Alternativ galt dies über § 4 Nr. 18 UStG auch für Mitglieder in einem anerkannten Verband der Wohlfahrtspflege. Gemäß (Art. 132 Abs. 1 Buchstabe g) der Mehrwertsteuer-System-Richtlinie sind aber die eng mit der Sozialfürsorge und der sozialen Sicherheit verbundenen Leistungen von der Steuer zu befreien, wenn sie durch eine Einrichtung mit sozialem Charakter bewirkt wird.
Sachverhalt
Die Steuerpflichtige erbrachte in den Streitjahren Betreuungsleistungen und wurde hierfür von den zuständigen Vormundschaftsgerichten bestellt.
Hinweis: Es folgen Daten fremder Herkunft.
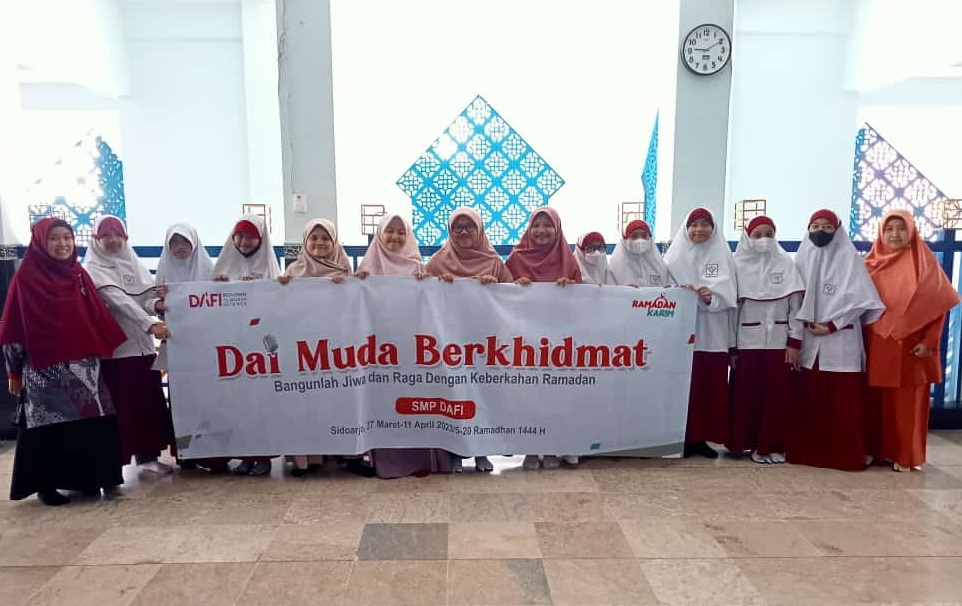 SIDOARJO (Radarjatim.id) – Bulan Suci Ramadan 1444 H dimanfaat sebaik-baiknya oleh para santri SMP Dafi (Darul Fikri) Pesantren Al Quran Science Sidoarjo, yakni dengan melakukan road show, keliling untuk berdakwah di lingkungan masyarakat. Mulai di masjid-masjid, TPQ (Taman Pendidikan Al Quran) dan sekolah-sekolah dasar, untuk mewujudkan Da’i Muda Berkhidmat.

Sie behandelte die erbrachten Betreuungsleistungen zunächst als umsatzsteuerpflichtig, beantragte dann aber, dass die Leistungen um-satzsteuerfrei sind.
Entscheidung
Der BFH entschied, dass die Leistungen der Steuerpflichtigen in den Streitjahren nach deutschem Recht nicht steuerfrei seien, da die notwendigen Voraussetzungen einer Steuerfreiheit nicht gegeben waren. Jedoch kann sich die Betreuerin auf internationales Recht berufen.
Demzufolge sind die Betreuungsleistungen aufgrund einer Bestellung vom zuständigen Vormundschaftsgericht umsatzsteuerfrei. Das Unionsrecht umfasst gemäß §§ 1896 ff. BGB alle Tätigkeiten, die erforderlich sind, um die Angelegenheiten des Betreuten zu besorgen, sodass es dessen Wohl entspricht. Hierbei handelt es sich um eng mit der Sozialfürsorge verbundene Dienstleistungen. Der Betreuer ist durch seine gerichtliche Bestellung und Überwachung auch eine anerkannte Einrichtung mit sozialem Charakter.
Hinweis?
Nicht steuerfrei sind allerdings Leistungen, die zum Gewerbe oder zum Beruf des Betreuers gehören, etwa Beratungsleistungen als Rechtsanwalt für betreute Personen.
Zu beachten ist im Übrigen, dass bei umsatzsteuerfreier Betreuungsleistung in der Vergangenheit geltend gemachter Vorsteuerabzug zu korrigieren bzw. rückgängig zu machen ist. Außerdem sind die Rechnungen zu berichtigen, um eine Steuerschuld nach § 14c UStG zu vermeiden.
Praxishinweis
Seit dem 1.7.2013 sind Leistungen der Betreuer auch nach § 4 Nr. 16k UStG umsatzsteuerfrei. Die Neuregelung durch das Amtshilfe-Richtlinie-Umsetzungsgesetz gilt aber nur für Leistungen, die ab Juli 2013 erbracht werden.
Für Leistungen bis zum 30.6.2013 können sich die Berufsbetreuer jetzt gemäß BFH in allen noch offenen Veranlagungen auf Unionsrecht berufen, was entsprechende Erstattungen zur Folge hat.